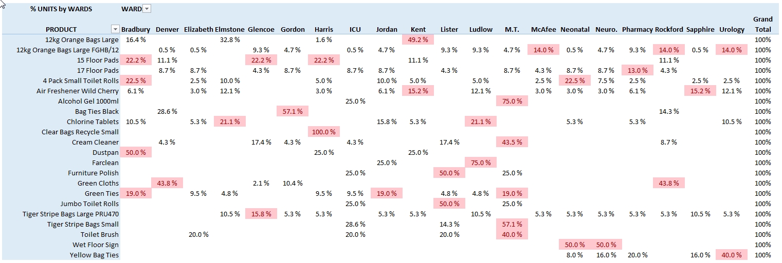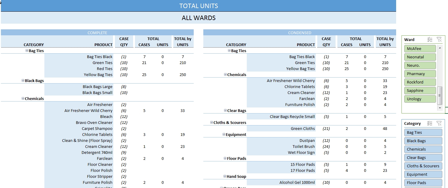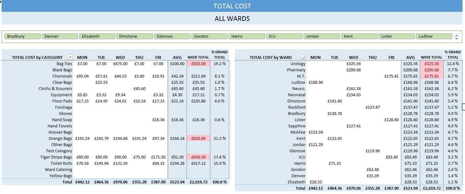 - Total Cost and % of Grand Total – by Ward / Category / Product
--
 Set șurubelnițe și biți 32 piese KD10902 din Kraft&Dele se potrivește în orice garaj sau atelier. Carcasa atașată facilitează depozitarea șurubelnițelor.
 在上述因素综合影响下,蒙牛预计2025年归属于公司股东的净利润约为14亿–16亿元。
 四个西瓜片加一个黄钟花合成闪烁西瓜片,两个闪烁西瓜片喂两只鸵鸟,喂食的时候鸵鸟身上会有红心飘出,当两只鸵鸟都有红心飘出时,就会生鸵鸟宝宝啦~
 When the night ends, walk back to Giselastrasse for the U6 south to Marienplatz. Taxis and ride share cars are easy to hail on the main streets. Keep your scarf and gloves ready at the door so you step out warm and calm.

* Required action: Retype only the lines above between the line with "Set șurubelnițe și" and the line with "When the night", counting those two lines as well, and keep every character as it is.

* Output of the exercise:
 Set șurubelnițe și biți 32 piese KD10902 din Kraft&Dele se potrivește în orice garaj sau atelier. Carcasa atașată facilitează depozitarea șurubelnițelor.
 在上述因素综合影响下,蒙牛预计2025年归属于公司股东的净利润约为14亿–16亿元。
 四个西瓜片加一个黄钟花合成闪烁西瓜片,两个闪烁西瓜片喂两只鸵鸟,喂食的时候鸵鸟身上会有红心飘出,当两只鸵鸟都有红心飘出时,就会生鸵鸟宝宝啦~
 When the night ends, walk back to Giselastrasse for the U6 south to Marienplatz. Taxis and ride share cars are easy to hail on the main streets. Keep your scarf and gloves ready at the door so you step out warm and calm.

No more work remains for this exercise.